PR versus advertising - the battle rages on
I put together these words for Marketing Magazine - a new take on a perennial debate...
US merchant, religious leader, political figure and "father" of advertising, John Wanamaker, is often quoted as saying "Half the money I spend on advertising is wasted; the trouble is I don't know which half."
I think John would be scratching his head today - as are many communicators - when asked to justify a modern communications mix. In the past, the leap of faith that dictates that noise in the "free" media and buying ads equates to marketing success has kept many a marketeer employed. But the current global unpleasantness has put every dollar, ringgit, or renimbi under scrutiny that we haven't seen since the post dot com crash days.
Today we face CEOs who, over the past few decades, have become accustomed to measuring PR and advertising success in the same way you assess fish at a wet market - by the kilogram (of press clippings and ads). Their complimentary marketing programs floated in harmony, mysteriously above and below a magical line.
These same CEOs are now being also being asked to comprehend Facebook groups and Xiaonei pages, tweets with twitter, discussion forums and BBSs, and being told to blog until they can blog no more.
And when, as is common in these difficult times, they ask what the return on this increasingly complex investment is, all the smoke and mirrors in the world won't protect the un-informed marketing manager.
In an attempt to help our clients answer some of these questions, my company, Text 100, did some digging. Realizing that an unfortunate by-product of tougher economic times is a reduction in marketing spend, we tried to figure out the role that public relations plays in building brand value. How? By assessing the statistical relationship between media prominence (measuring prominence of mentions in unpaid media) and brand value for the 100 companies in Interbrand's 2008 Best Global Brands report.
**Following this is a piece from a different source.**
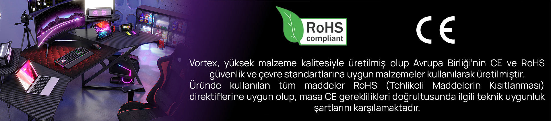 Vortex’in alt paneline entegre edilen kablo toplama sepeti, adaptör, uzatma kablosu ve çevre birimlerinin bağlantılarını güvenli şekilde organize etmenizi sağlar. Masanın altına gizlenmiş bu yapı, görsel karmaşayı ortadan kaldırırken, daha düzenli ve profesyonel bir oyun alanı oluşturmanıza yardımcı olur. Temiz bir setup, net bir odaklanma sağlar.

While I'm not a statistician (and have no desire to throw gasoline on the advertising versus PR fire), the results were interesting on several levels. Overall, we found that how often a company appeared in the press accounted for over a quarter of its brand value. The survey (fact sheet here) determined that the more complex the product, the smaller the role advertising played in its brand value. Net-net, a sizable amount of brand value, particularly for high involvement industries, is tied into media coverage.
So...PR is good for complex products and makes a difference. But just how good is it? A recent Neilson AIG study concluded that advertising builds confidence in financial brands in crisis. In essence, they determined that those financial institutions that spend more on advertising will maintain more consumer confidence than those that pull back.
Not rocket science. But check out this data, buried under a sub head in the press release. "When asked what factors would increase confidence in the safety and soundness of their financial institution, respondents cited:
- Seeing regular advertising for that institution (25%)
- Receiving regular mail or e-mail offers from that institution (25%)
- Regularly seeing internet offers/advertising from that institution (21%)
- Reading positive stories in the press about that institution (44%)"
Read that last bullet again. It clearly states that reading positive stories in the press bolsters much more confidence than seeing regular advertising.
Defence exhibit number three, your honour. TNS study on brands in the digital world provided a couple of choice factoids. When asked what types of digital media have you seen being used, respondents cited dedicated websites, sponsored content, banner ads, popup ads and email as their top five. But when it came down to what people actually trusted, only manufacturers' websites appeared in to rate highly.
The ad spend went into channels that weren't trusted. Recommendations from friends and family, independent reviews in publications, expert product reviews from websites, product labels on packaging and consumer reviews from websites were Asia's most trusted channels. So, if you rightly assume that trust is a big part of purchase decisions, then channels that fall under the PR domain are the place to spend your money.
So, is it PR = good, advertising = bad? No, I don't think so. But I think in a time of greater scrutiny, any decision needs to be measured on its ability to create or boost stakeholder confidence. We're talking to the most media savvy generation in history. Advertising will always play a critical role in creating and changing perception. But if you want to create confidence and community, the PR spend seems to fall into the half not wasted.